Mark: The way I feel about listening to the record – and I’m sure people get this from your shows – I don’t want this to sound like bullshit but you feel as fan you feel like you are part of a family. Do you know what I mean?

Simone: That was the mantra that I first used to talk about with my brothers when I first started to sing and play was that I want everyone who comes to see us play – be it five or five thousand – to feel like they are part of this. We want them to sing along. We are lucky that we wrote some songs that people can sing along to. We want people to feel like they are part of something you know? Like too many rock stars they get up there and say look at me look at me I’m shaking! We want everybody to look inward and all be one, you know? Union St is a place where we can all be one and we really wanna not just talk the talk, we want to walk the walk.

Bobby: When you are really looking inward you are looking outward because people are feeling the same things. So if you look inward and find the truth of what that is you will probably find you have a lot in common with the person standing next to you.
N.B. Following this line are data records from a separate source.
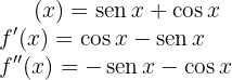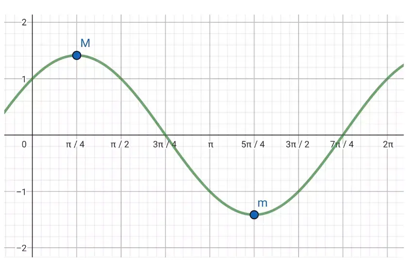 \displaystyle \f(x)=\operatorname{sen}x+\cos x, \quad 0 < x < 2\pi[/latex]
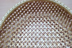 Die vorbereiteten Schienen werden dann über eine runde Holzform zu einer Schale geflochten. Wir werden uns mit dem Siebgeflecht und dem Sechseckgeflecht auseinandersetzten.
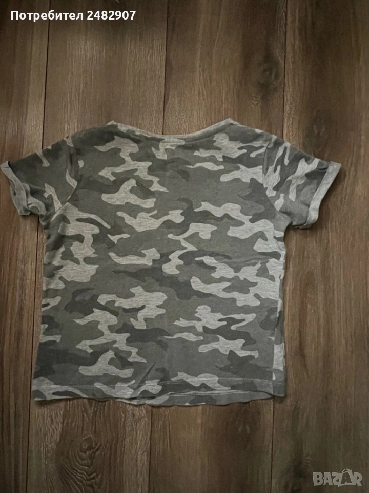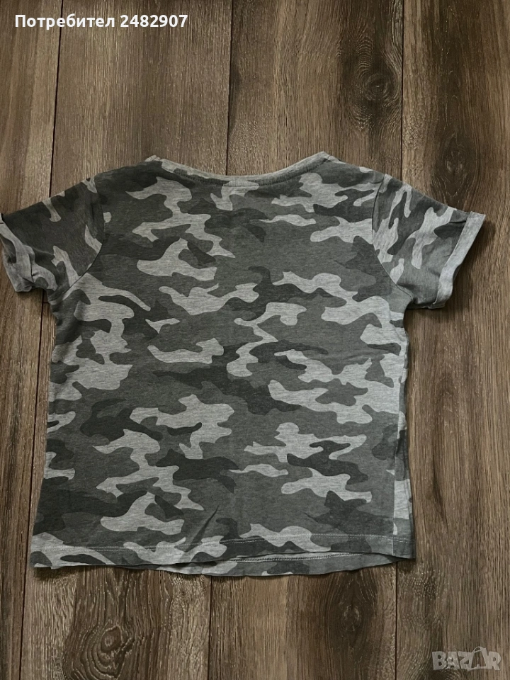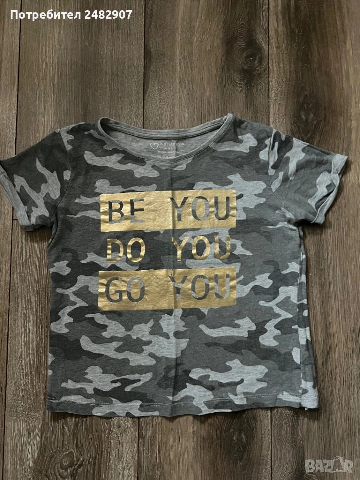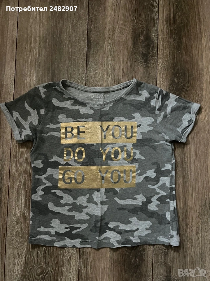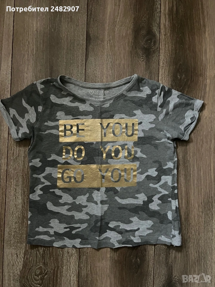 Детска тениска с щампа за момиче за възраст 8-9 години. Съдържа 95 % памук и 5 % вискоза. Ширина в раменете - 33 см, ширина под мишниците - 41 см, ширина в долната част - 42 см, дължина от рамото до долу - 45 см, дължина на ръкава от рамото - 12 см, ширина на ръкава в долната част - 12 см. Много запазена, почти не е изплзвана, без забележки.
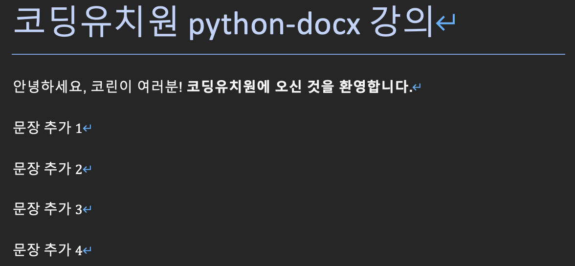 p = document.add_paragraph('안녕하세요, 코린이 여러분!')
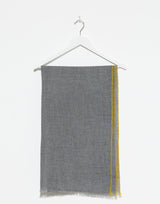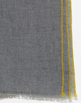 Oyuna Cashmere Contrast Shawl in Grey. Knitted from the finest Mongolian cashmere. Meticulously handmade in a lightweight stitch. Contrast yellow edge. Luxuriously large, perfect for layering, and wrapping. Lightly frayed ends. L 200cm x W 70cm. 100% Cashmere. Made in Mongolia.
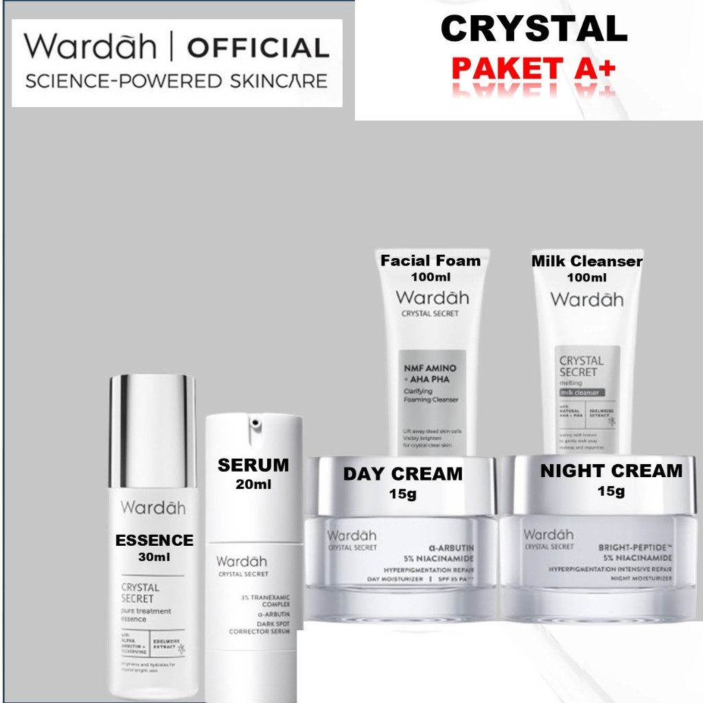 PAKET WARDAH Crystal Secret Series Mencerahkan Lengkap | Milk Cleanser, Micellar Cleansing Gel, Foaming Cleanser, Exfoli
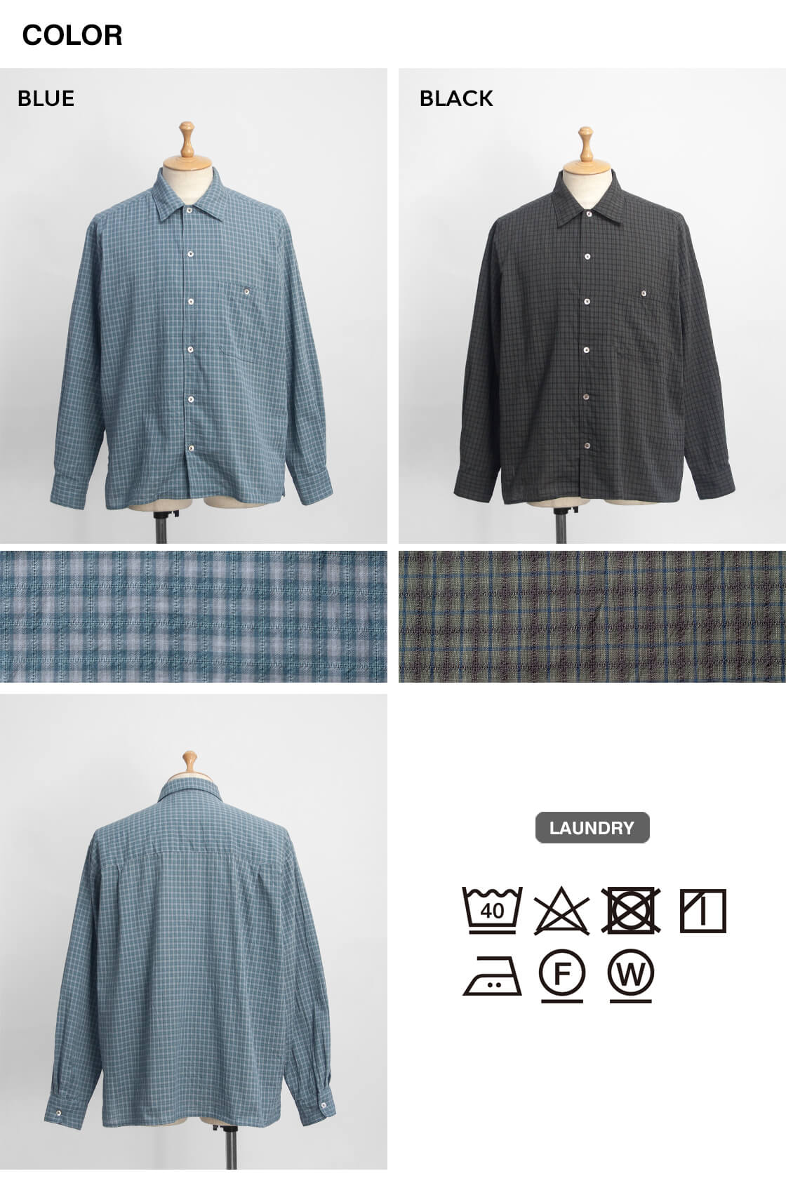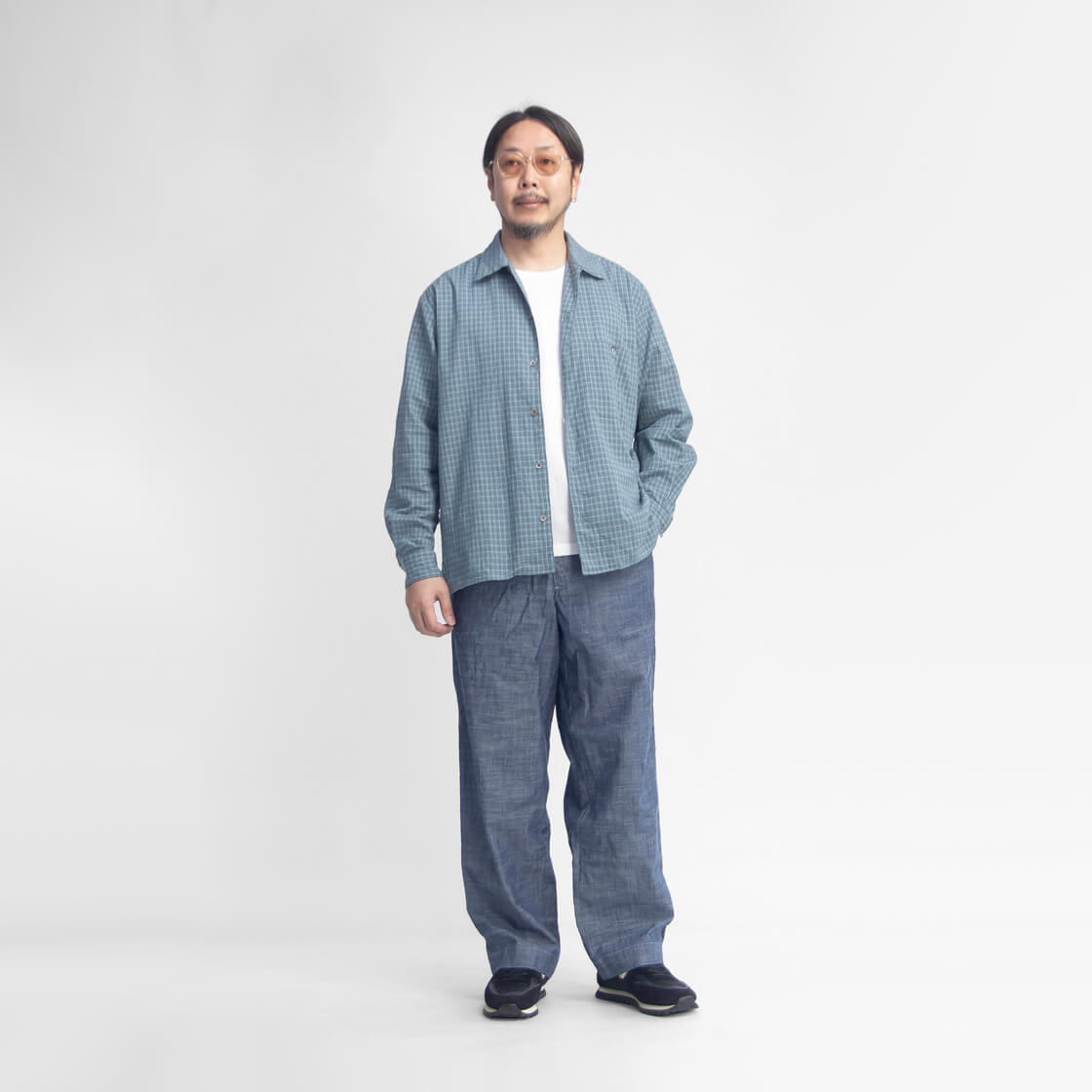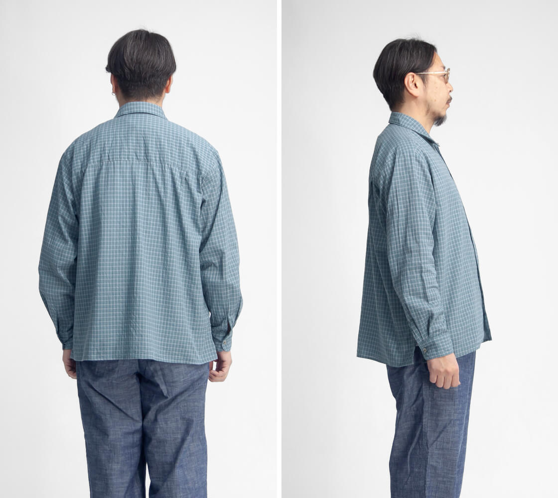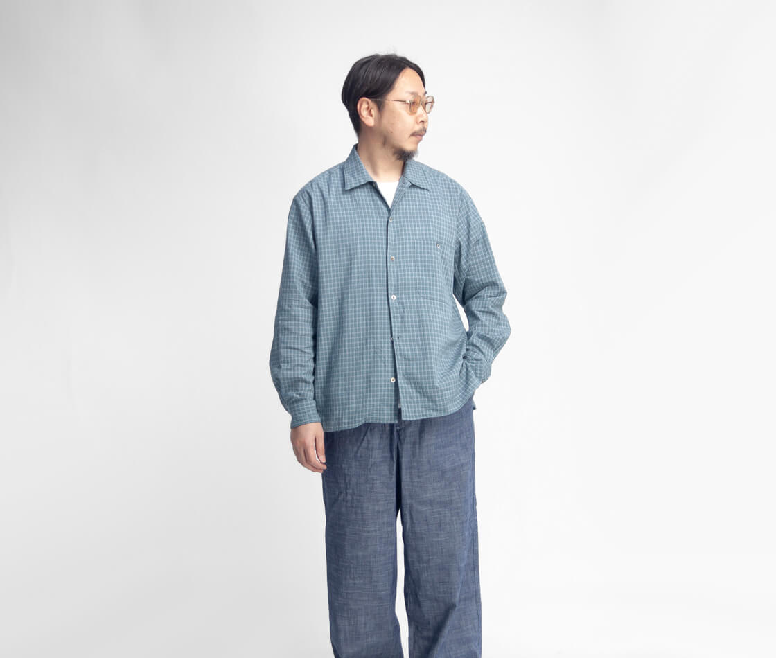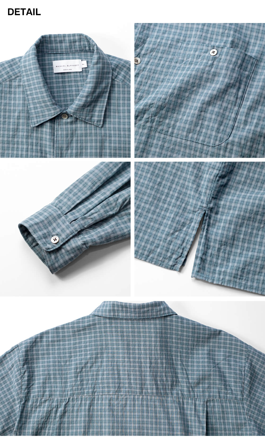 ![]() MANUAL ALPHABET - DOBBY CHECK L/S SHT ![]() スクエアカットの裾に、程よくゆとりのあるボックスシルエットのドビーチェックシャツ。ボタンを開ければオープンカラーになる2WAY仕様で、雰囲気の変化も楽しめる一着です。 ![]() MANUAL ALPHABET(マニュアルアルファベット) MANUAL ALPHABET(マニュアルアルファベット)はシャツを基本としたメーカー発国産ブランド。MANUAL ALPHABET(マニュアルアルファベット)は"点字"を意味し、 実際に手に取って商品の良さを確かめて欲しいという想いから名づけられています。メーカーだからこそ、気付くヒントを基にクオリティ、コストを大事にし、 高いから良い、安いから悪いでなく、時代の流れにあった、最適なバランスを探求しています。ディテールとシルエットのデザイン性を兼ね備えることで生まれる「佇まい」を大事に、「大人が楽しくなるシャツ」を創り続けていきます。 ![]() ボタンのかけ方で雰囲気の変わるワンナップカラー。 落ち着いた配色のミニチェックのドビー織生地を用い、裾をスクエア状にカットして、肩幅や身幅をやや広めにとったルーズなボックスシルエットのワンナップカラーシャツ「DOBBY CHECK L/S SHT」。やや薄手で柔らかな生地のおかげで、着用時は程よく落ち感のあるフォルムに。ステッチを極力見せないようにした縫製仕様で、カジュアルなチェックシャツと言えど、ミニマルでクリーンな雰囲気が印象的です。特徴的なのはボタンのかけ方で雰囲気の変わるワンナップカラー。所謂オープンカラーなのですが、台襟のないやや大き目の襟は、ボタンを一つ外して襟を広げればオープンカラーに。程よくゆったりのリラックスしたシルエットは、ボタンをフルオープンして羽織りとしての着用でも良し。オーバー過ぎない程よくリラックスなシルエットは、ボトムを選ばず幅広い着こなしに対応してくれます。 ![]() ドビー織りが生む、立体感と通気性を持ったドビーチェック生地。 本体に用いているのは、ドビー織機を用いて奥行きのあるチェック柄が表現されたドビーチェック生地。凹凸のある立体感に和紙の様なシワっとした表面感が雰囲気の良い素材です。凹凸のある織り組織が空気を通しやすく、見た目以上に涼しくて清涼感も感じさせてくれます。フラットな平織りに比べ、多少のシワも「アジ」として成立するので、アイロンでピシッとしすぎなくてもサマになるのは、大人には嬉しいポイント。織り方のせいなのか、コットン100%なのに麻の様にカラッと乾いた独特のタッチもあります。 ![]() ![]() 身長170cm、体重62kgの男性が2サイズ着用。
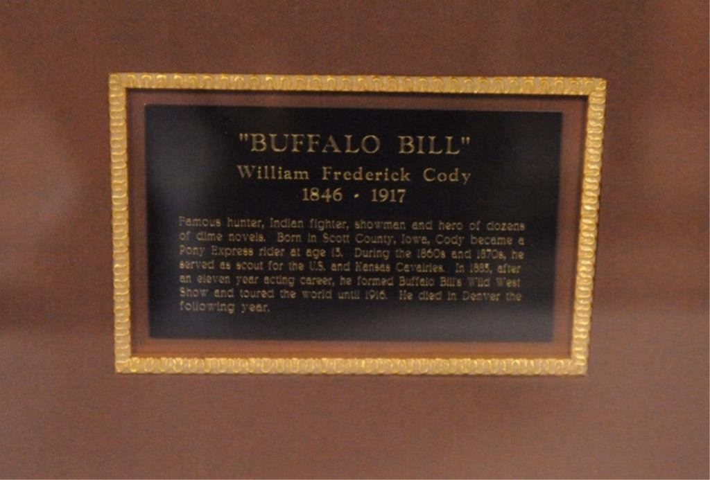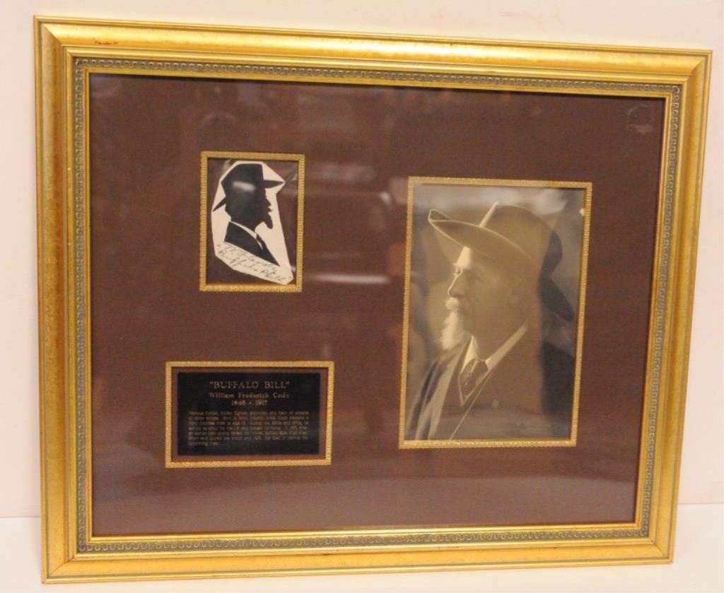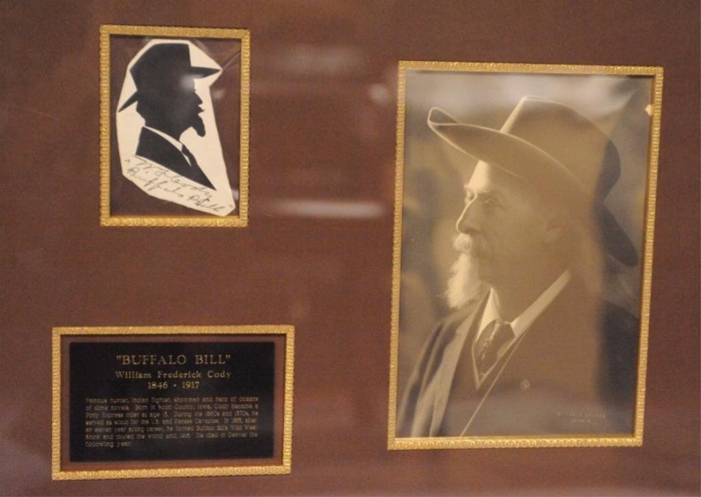 later years marked “Lumiere Studio” lower right. Measures approximately 9 ½”x 6”. In excellent condition framed with paper cut silhouette of Cody which is marked “W.F. Cody” and autographed along with plaque in beautiful shadow box design. 19 ½” x 23 ½”. Nice display from a premier Buffalo Bill collection. Est.: $750-$1500
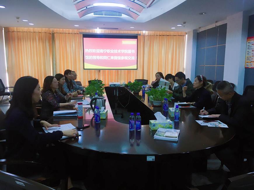 黄慧介绍了南宁职业技术学院图书馆的基本情况。随后双方就图书馆的建设理念、定题服务、专利分析、如何为学校重点专业提供优质服务等方面的问题进行了交流。会后参观了图书馆艺术共享空间。
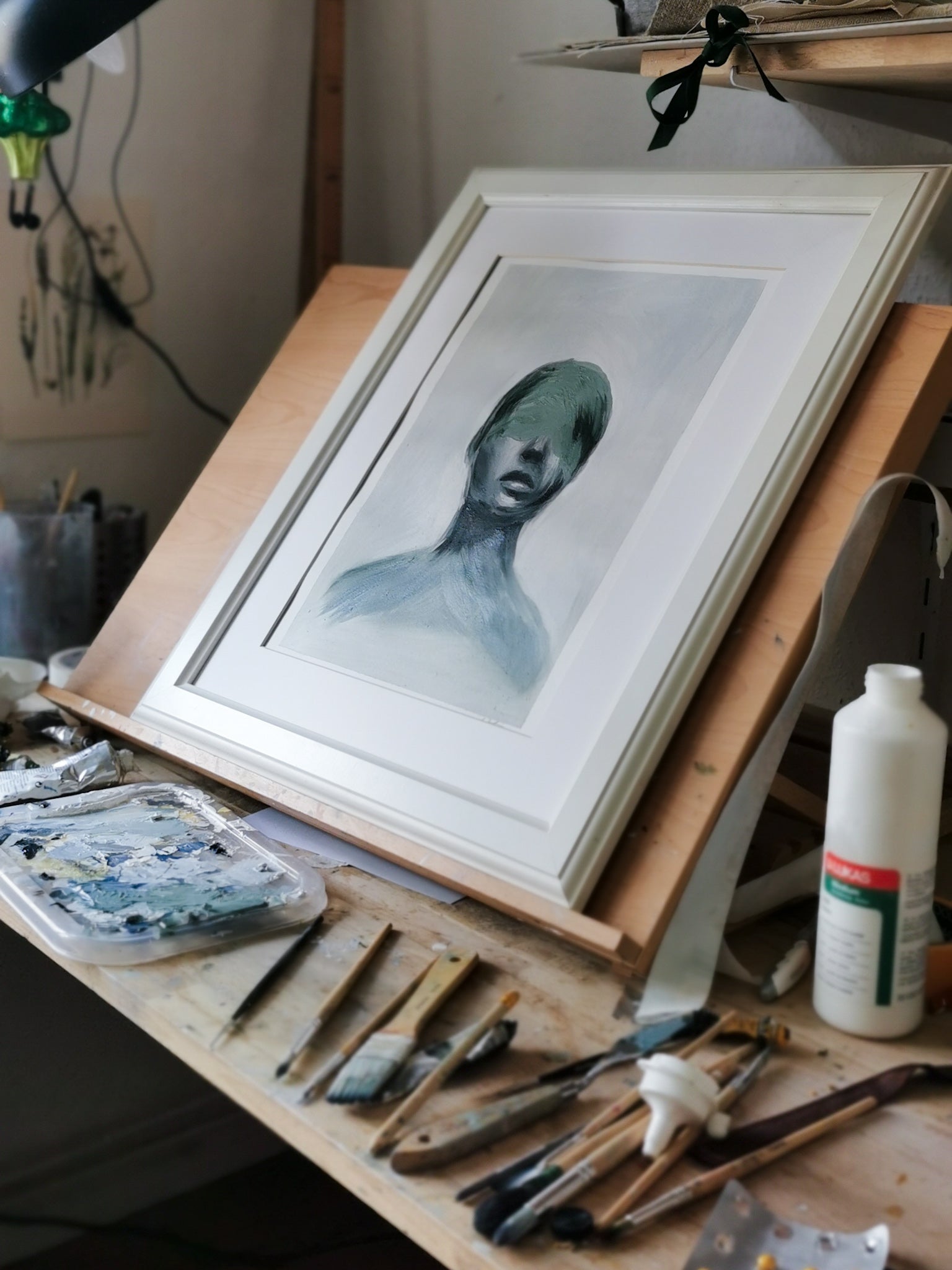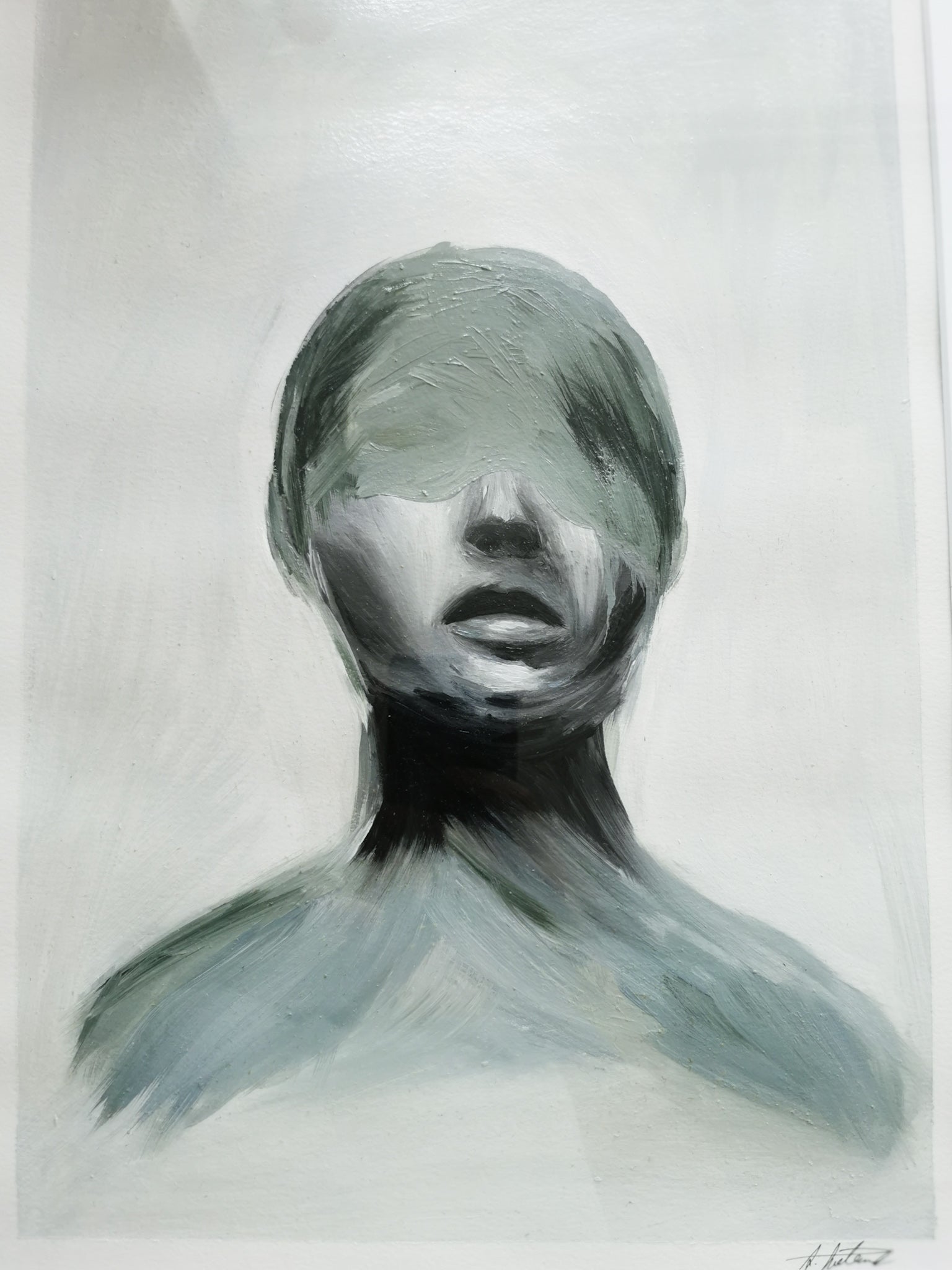 Das halb-abstrahierte Porträt in kühlen Grau- und Grünnuancen wirkt ruhig und konzentriert. Die verdeckten Augen stehen für den inneren Weg: Nicht alles ist klar, aber die Richtung stimmt. Wer dieses Bild betrachtet, erinnert sich daran, dranzubleiben, Entscheidungen selbst zu treffen und den eigenen Fokus zu halten.

Mark: I have taken up way too much of your time already, but I must ask you what’s planned for 2010?

Simone: Well we are going to play all over Europe everywhere, wherever people want us to sing we are going to come sing. Then maybe in the fall we will go and record some new songs. Album two will be an extension of what we started except with Reverend Loveday singing some leads and Simi Stone as well and all of us really singing together as a singing band on tape. So this year we are going to be developing that onstage.

Mark: So will that include some more time back in the UK?

Simone: Yea we are coming back in February if the people want us we will keep coming!!

Mark: Fantastic, well I had a couple of shit questions I’m not even going to bother with those!!!!! (much laughter)

Simone: Well you asked all the right ones!!!

Mark: Thank you so much for your time and warmth people!!